The taxpaying public knows that there are more efficient ways to perform some public services than via governmental structures. In the private sector, if someone sees a better or cheaper way to build a mouse trap, he does so and puts his or her product on the shelf for the consumer to consider for purchase; if it is better or cheaper, over time, that product succeeds over the inferior and/or more expensive one.
For that reason, we have phones (actually computers) in our pockets instead of the party-line phone my family had as a child, tethered to a fixed location, and only available if another family member or a neighbor sharing the party line wasn’t using it.
We have cars which are safer, handle better, and are more comfortable, efficient, and reliable; large-screen color televisions instead of small black-and-white tubes, to name but three of thousands of ever-improving products we enjoy. The reason for the difference is competition; for most products, if they are not better five years from now, they are toast. Unlike the private sector, government doesn’t have to compete to survive…so it typically doesn’t.
For many goods and services, the private sector is the obvious choice and should be used when services to the public can be provided better, faster and cheaper. A case in point is our national air-traffic control system. Our country has been trying for decades to update this system, and may now be on the cusp of actually doing so. In the structure currently under consideration, some of the functions would remain governmental in nature, and some would not. A Wall Street Journal Oct. 12, 2017, editorial noted the proposed system would provide significant improvements, with a non-profit entity consisting of pilots, airlines, controllers and industry experts managing air-traffic operations and the Federal Aviation Administration overseeing safety.
Per the Journal, “This arrangement has allowed Canada to lower levies by about one-third and manage routes and landings more efficiently. The Journal recommends that Republicans “seize the moment because they have a President who wants reform as part of his infrastructure upgrade. … (However) The biggest hurdle may be convincing (government) appropriators to relinquish control over billions in air-travel tax revenue they now redistribute.”
There are two pieces of good news here for us both as people who fly on planes and as taxpayers. The “new air-traffic entity would reduce the number of federal employees by more than 30,000 and federal spending by billions of dollars. The perception that the government has become too large even to know what it manages is one reason voters gambled on Donald Trump. Modernizing the human misery known as U.S. air travel should be a bipartisan win.”
No one can blame those 30,000 employees for wanting to hold onto their jobs. But think of this: This is only one service of the myriad services provided to us by government, and in this one service alone, we have identified 30,000 jobs that the taxpayers don’t need to be funding.
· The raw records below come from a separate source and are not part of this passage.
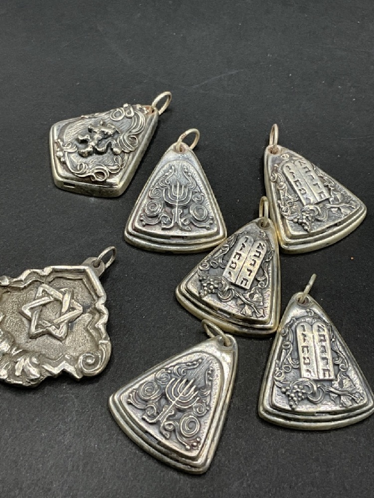 Seven (7) Henryk Winograd .999 Silver Judaica Jewelry Pendants.
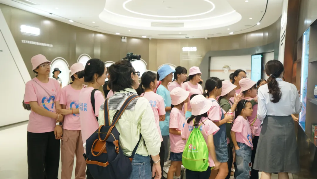 紧接着,孩子们来到了建党百年庆典红旗——070号红旗前。讲解员讲述了yp街机药业集团与庆典红旗的深厚渊源。孩子们听得津津有味,眼中闪烁着对党和国家的热爱与敬仰。
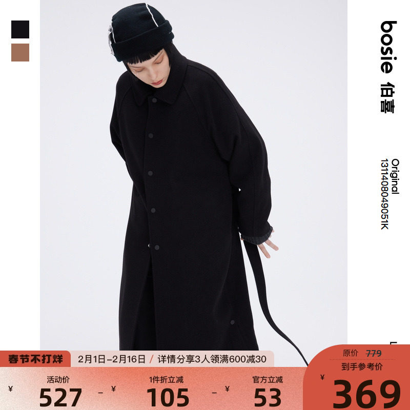 【商场同款】bosie2023年冬新款毛呢长款大衣男情侣撞色简约百搭
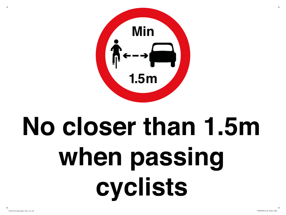Sign Text: No closer than 1.5m when passing cyclists
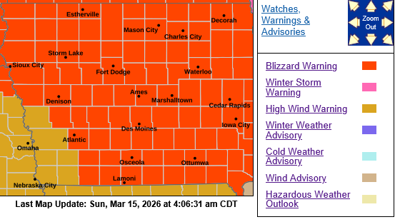 Area Counties: Crawford-Carroll-Audubon-Guthrie-Dallas-Cass-Adair-Madison-Adams-Union-Taylor-Ringgold…A BLIZZARD WARNING REMAINS IN EFFECT FROM 1 PM THIS AFTERNOON TO 7 AM CDT MONDAY…
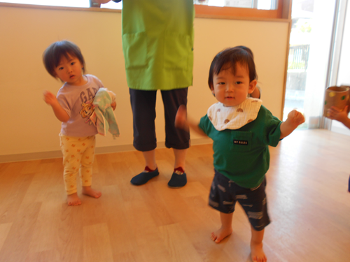 最初に♪しあわせなら手をたたこうで身体を動かしました!
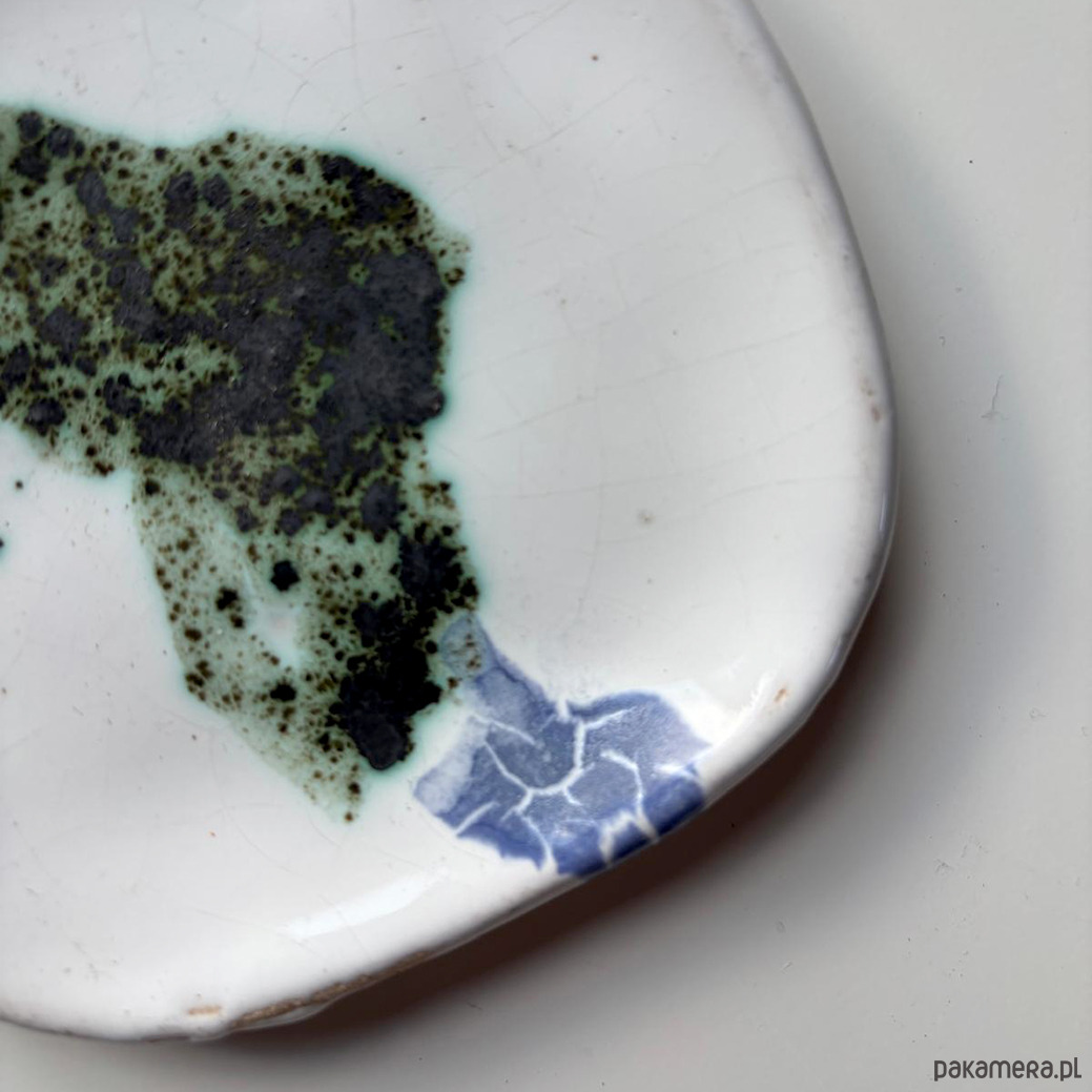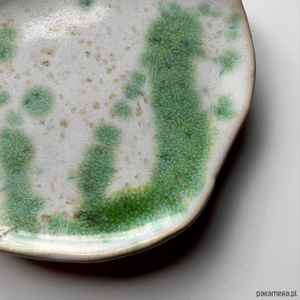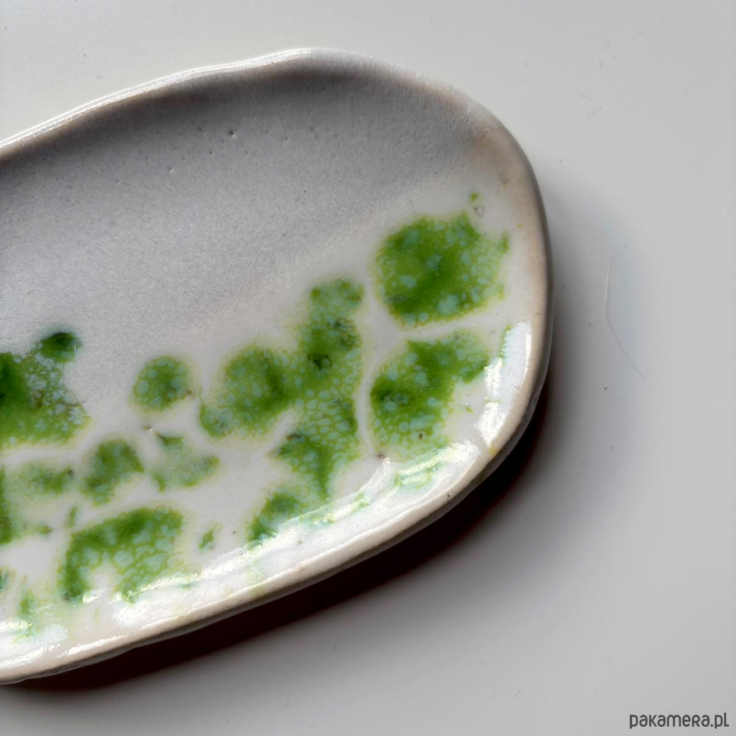 Mydelniczki wykonane z jasnej gliny pokryte kolorowym szkliwem.
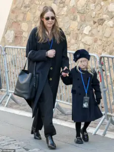 Anna Charrier and her daughter arrive at Brigitte Bardot’s funeral.

Now, may I shift gears and ask, can we bring this type of tax savings home to New Jersey? We have become a move-out state because, for too many people, their incomes are insufficient to pay the tax bills our outdated and inefficient governmental structures require. Further, high taxes and falling population not only drives out our industries but makes us unattractive to new companies looking to expand.
There is an adage which states, Recognition of a problem is half the solution. We are smart, applied people; we’ll work through this issue just as we have the other issues we’ve faced in the past; we did not become one of America’s richest states by being irresponsible.